What needs to be done:
Retype exactly the lines from the one with "Fig 1. Whatman" down to the final line of the material below, both included, and nothing more.

━━━━━ Input data

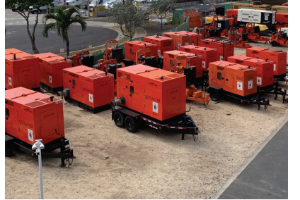
Dri-Prime Pumps for Sewer Bypassing & Dewatering
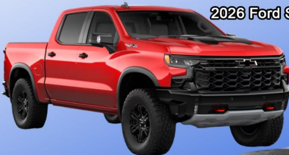
2026 Silverado ZR2
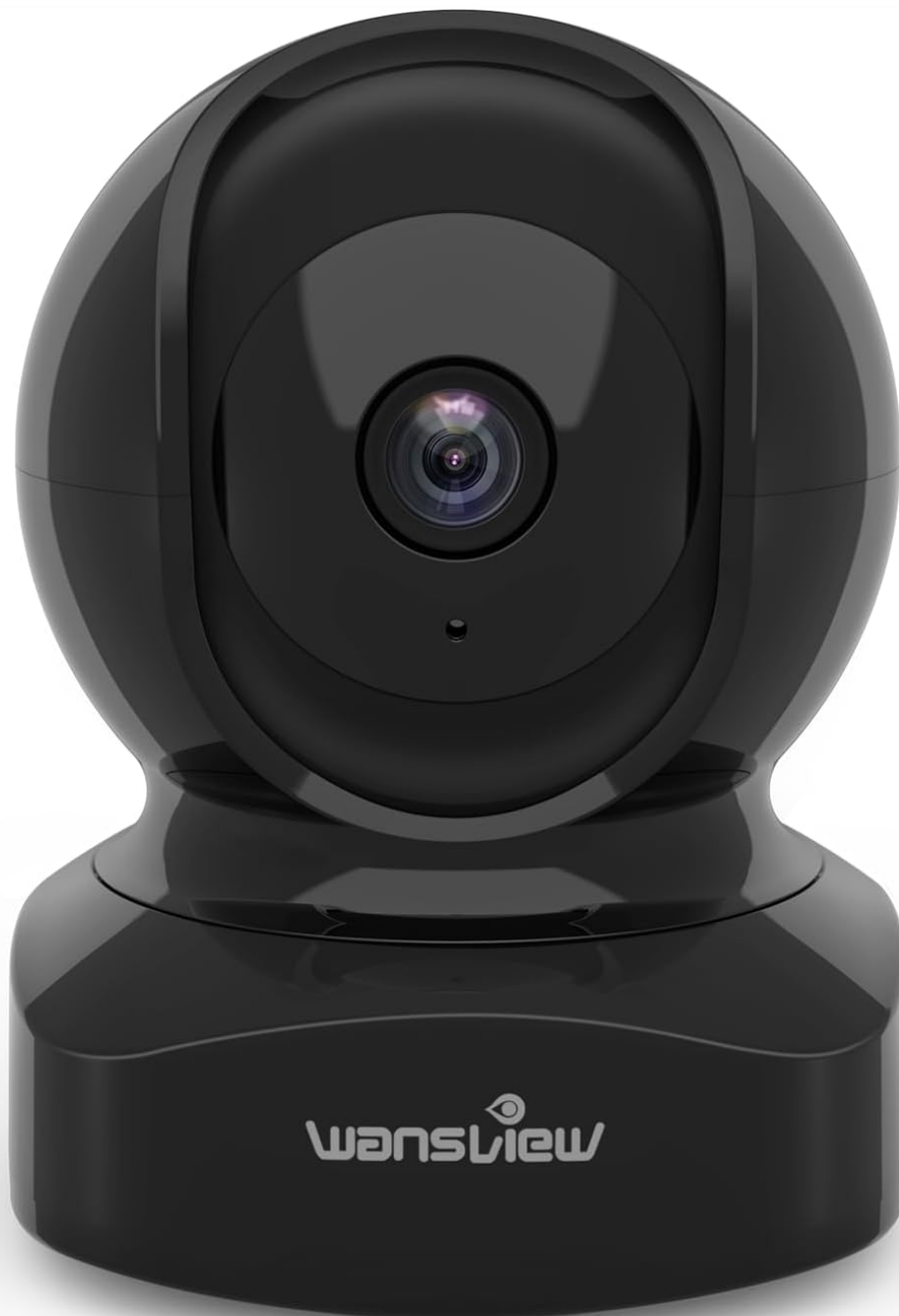
Figure 1: Wansview Q5 3MP Indoor Security Camera
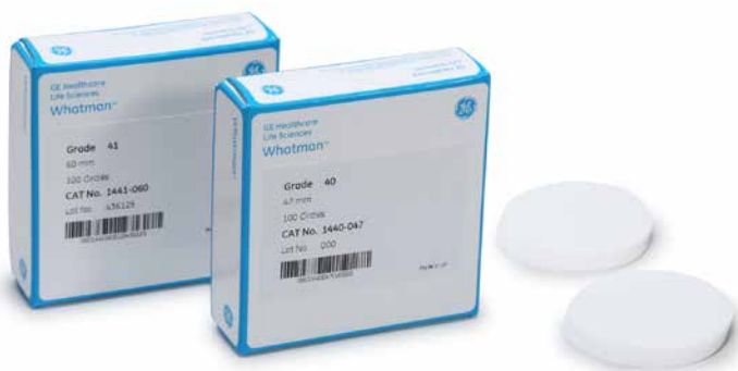
Fig 1. Whatman Grades 40 and 41 quantitative ashless filter paper.

In mining industries, analytical quality control (QC) laboratories routinely test the content of different metals in ore samples. Sample preparation is a critical factor in obtaining consistent results. Therefore, the use of high-quality, dedicated filter paper is expected to improve the accuracy of these metal content tests. Whatman quantitative filter paper from GE Healthcare Life Sciences is made from pure cotton and treated to wash away most of the impurities. Whatman quantitative paper is useful for gravimetric analysis and the preparation of samples for instrumental analysis. Compared with other papers, Whatman quantitative ashless filter paper (Fig 1) gives high loading capacity and particle retention, both of which are useful for the analysis of metals and other substances in ore samples.

━━━━━━━━━━

Response:
Fig 1. Whatman Grades 40 and 41 quantitative ashless filter paper.

In mining industries, analytical quality control (QC) laboratories routinely test the content of different metals in ore samples. Sample preparation is a critical factor in obtaining consistent results. Therefore, the use of high-quality, dedicated filter paper is expected to improve the accuracy of these metal content tests. Whatman quantitative filter paper from GE Healthcare Life Sciences is made from pure cotton and treated to wash away most of the impurities. Whatman quantitative paper is useful for gravimetric analysis and the preparation of samples for instrumental analysis. Compared with other papers, Whatman quantitative ashless filter paper (Fig 1) gives high loading capacity and particle retention, both of which are useful for the analysis of metals and other substances in ore samples.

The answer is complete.